Medically reviewed by Kevin Berman, M.D., Ph.D.
Updated on January 2, 2024

  • Soap is a common irritant that triggers symptoms for people with eczema, including atopic dermatitis (the most common subtype).
  • When shopping for soaps that won’t irritate your eczema, look for products containing syndet or glycerin or those approved by the National Eczema Association (NEA).
  • Avoid soap ingredients such as sodium lauryl sulfate and fragrances.

Your skin care routine may play a bigger role in triggering your eczema than you think. Some of the most common triggers of eczema are dry skin, stress, and irritants. Because soap is a common irritant, people with eczema often have to be careful when choosing how to wash their skin.

Whether it’s for your hands or your body, you’ll want to find a soap that gets you clean without aggravating your eczema symptoms, such as itchiness, dryness, and inflammation.

But what exactly should you look for? Is there anything you should avoid? Let’s take a look at the ingredients you should pay attention to when purchasing soap, as well as some MyEczemaTeam members’ experiences and recommendations.

What To Look For in Soap for Eczema

Standard soaps can be very drying. This is mostly because of the pH or harsh chemicals, such as sodium lauryl sulfate (SLS), that disrupt the skin barrier and deplete the skin’s moisture and natural oils. “Soaps dry me right up,” shared one MyEczemaTeam member.

As part of your eczema treatment plan to protect your skin from flare-ups, you’ll want to use a gentle cleanser that doesn’t dehydrate your skin. Here are a few things to look for when shopping for soap:

Syndet

The normal pH level of human skin is between 4 and 6, while the average pH of soap is 9 to 10. This difference means that traditional soap increases the skin’s pH to a level that may worsen eczema symptoms. Although human skin has a buffering system to keep pH levels from changing, this natural function has its limits. Using very acidic or alkaline soaps may overpower the buffering system and lead to dry and irritated skin.

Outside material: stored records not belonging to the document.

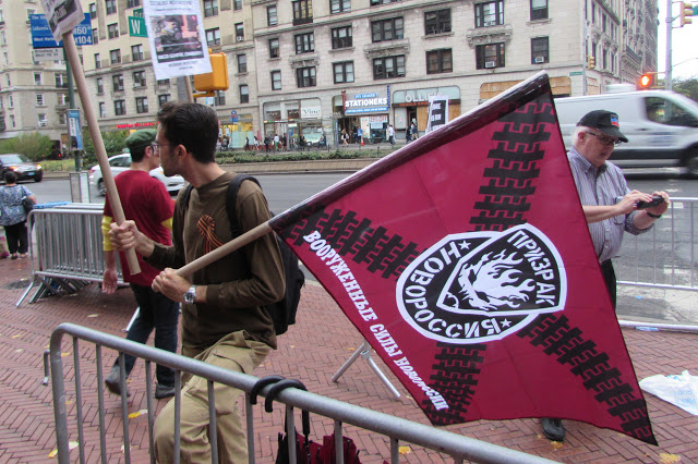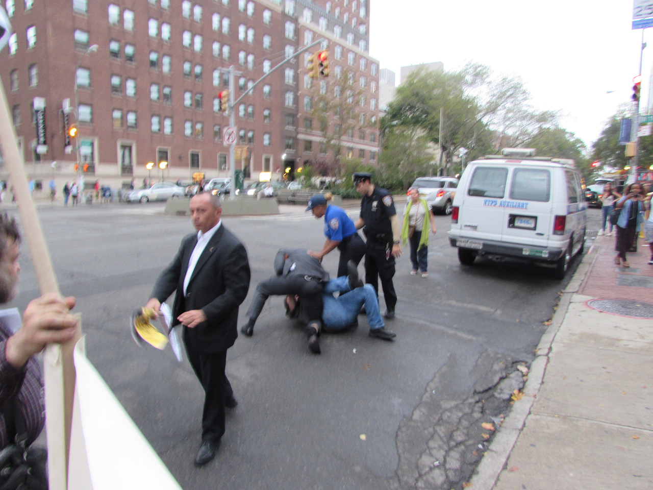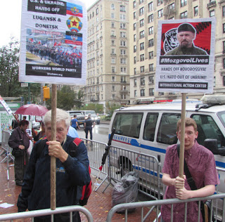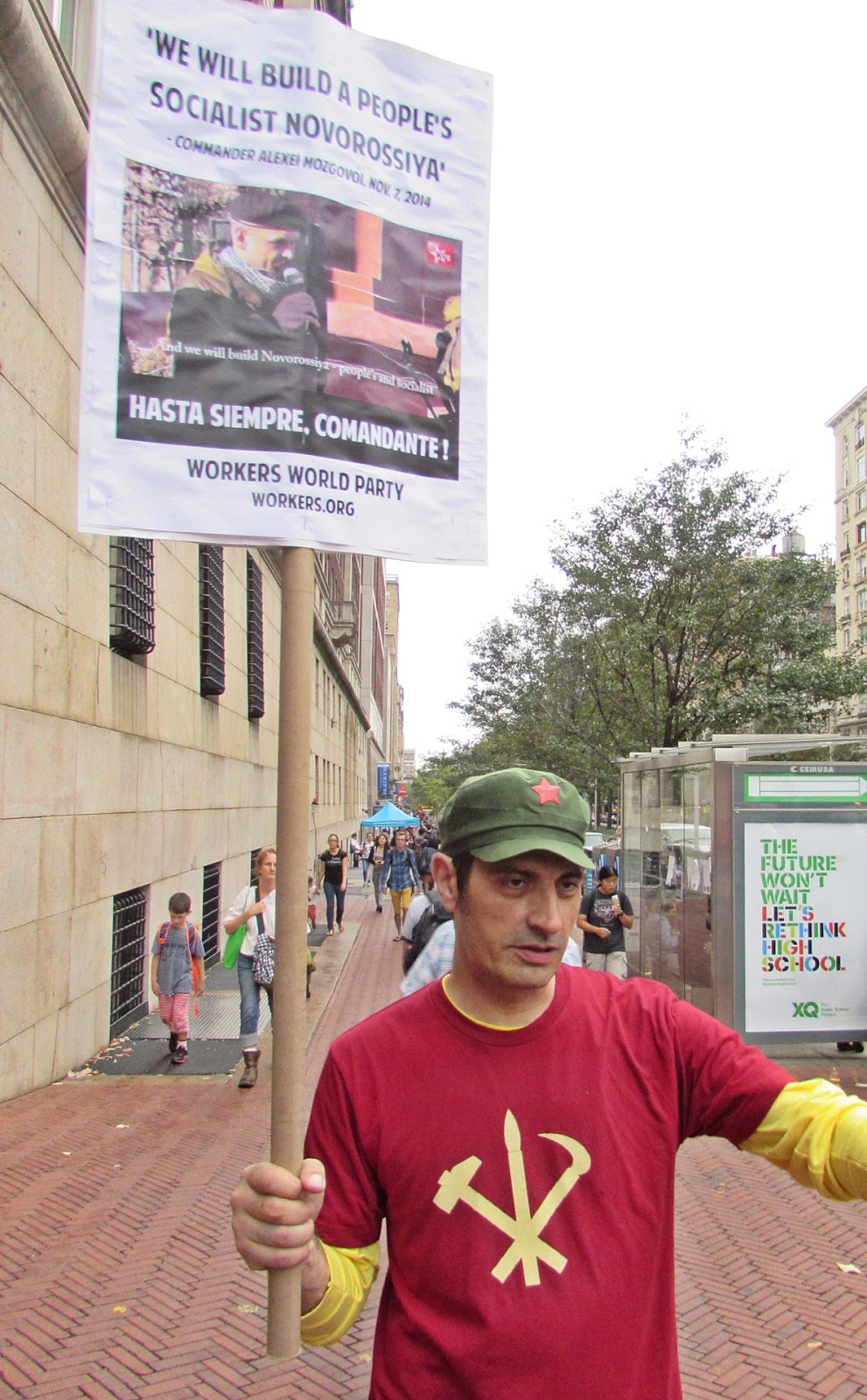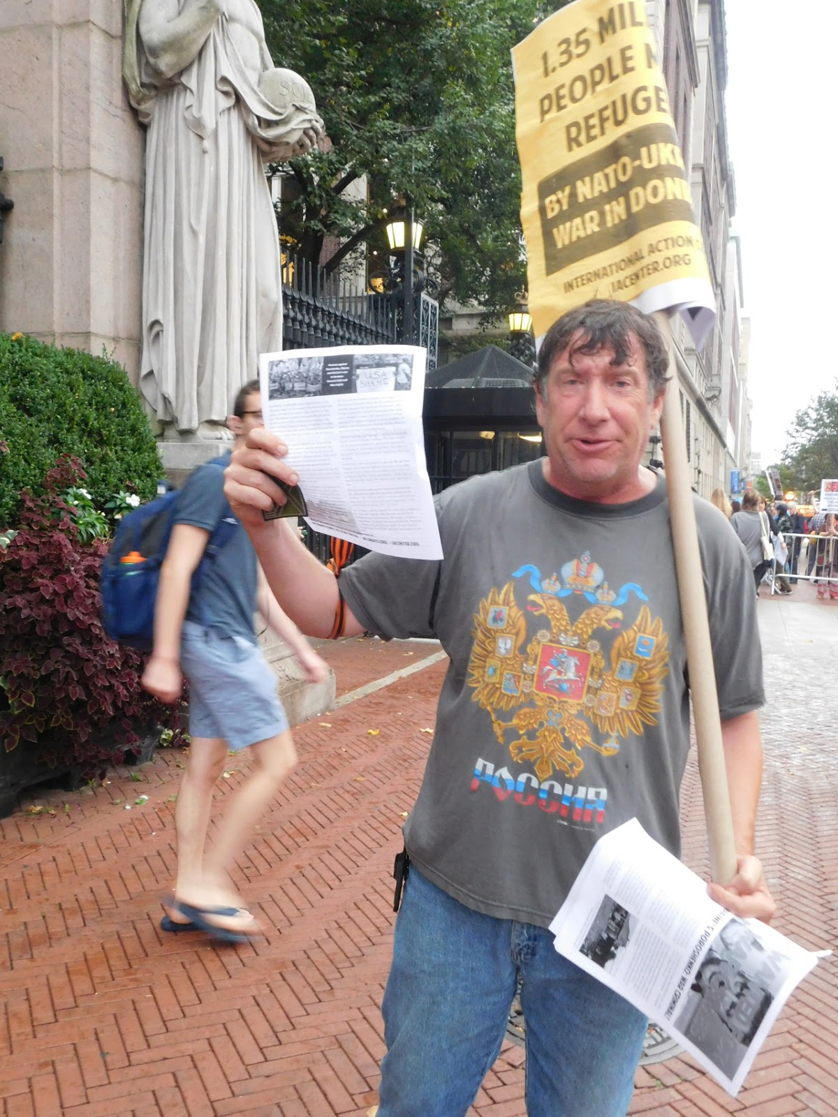 “We are here not only to condemn Poroshenko,” declared Greg Butterfield of the International Action Center. “We are here to condemn Columbia University President Lee Bollinger for giving this war criminal a platform to spread his lies about ‘Russian aggression’ in Donbass. We are here to demand that President Obama, Senator John McCain and other high officials in Washington stop funding and arming Poroshenko’s fascist junta.”
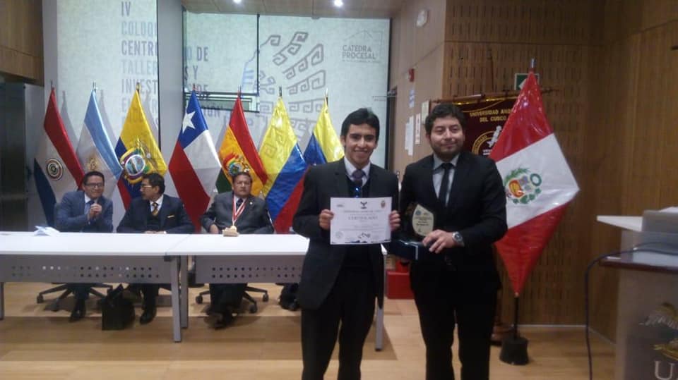MEJOR EXPOSICIÓN ORAL EN EL IV COLOQUIO DE CENTROS Y TALLERES DE INVESTIGACIÓN EN DERECHO PROCESAL – JENNER HUERTA
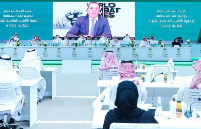 وذكرت وكالة الأنباء السعودية ، أن رئيس اللجنة الأولمبية العربية السعودية الأمير عبد العزيز بن تركي الفيصل ، وقع عقد استضافة مع نائب رئيس الجمعية العالمية للاتحادات الدولية ستيفن فوكس ، ت منح بموجبها المملكة حق تنظيم دورة الألعاب العالمية للفنون القتالية 2023.
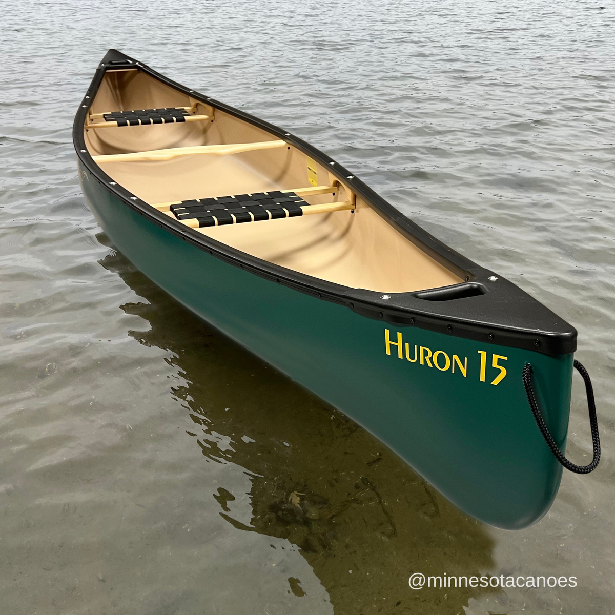 The Huron 15 is ideal for cottagers and recreational canoeists who want a rugged canoe for paddling on calm bodies of water and small rivers but who don’t need the depth and capacity of the Prospecteur 15. The Huron 15 is pulled from the same mold as the Prospecteur 15 but we trim it down to 12.5”, as opposed to 14.5”. The lower profile reduces the weight and makes it easy to paddle in breezy conditions as either a solo or tandem.
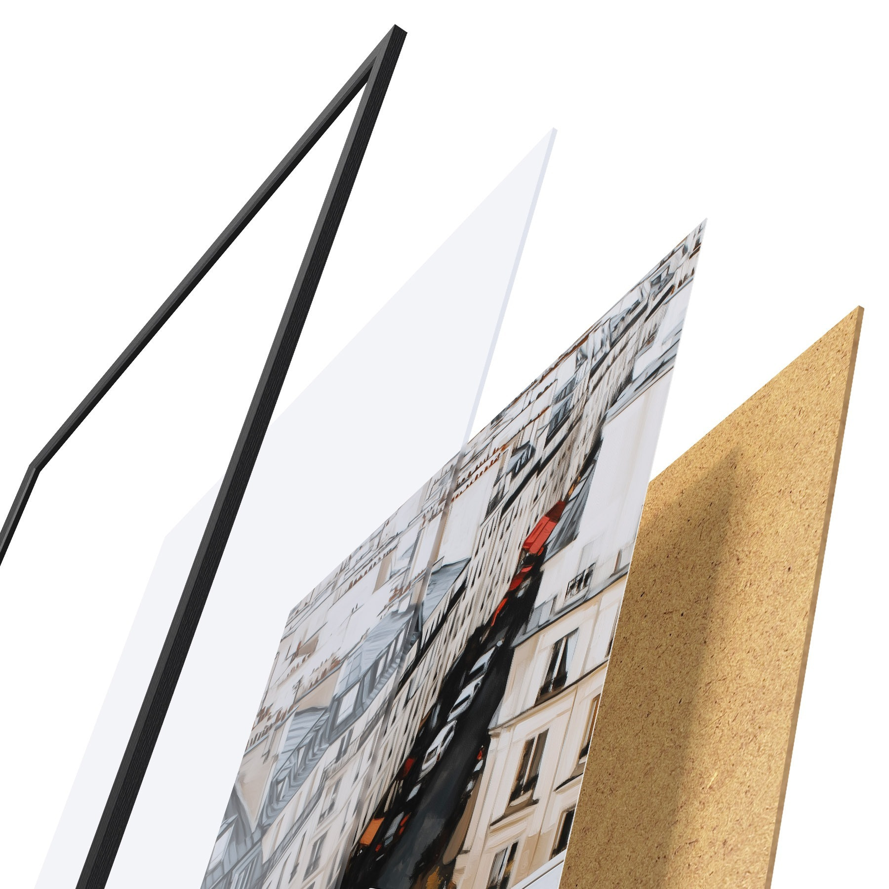 El póster consta de marco, plexiglás, imagen impresa y soporte de aglomerado. El póster puede colgarse inmediatamente en la pared gracias a los soportes de la parte posterior.

To avoid worsening eczema symptoms, consider using solid cleansing bars containing synthetic detergent, or “syndet” for short. The primary ingredient of syndet bars is a nonsoap surfactant — a compound that lowers the surface tension in a liquid, allowing it to act as a detergent. Unlike traditional soaps, syndets have a neutral or slightly acidic pH, making them less irritating to the skin.

Syndet bars are a good choice for cleansing, thanks to their mildness and hydrating properties — both of which benefit dry, eczema-prone skin. Using syndet instead of soap may help preserve the skin barrier, retain moisture, and ensure a thorough cleansing.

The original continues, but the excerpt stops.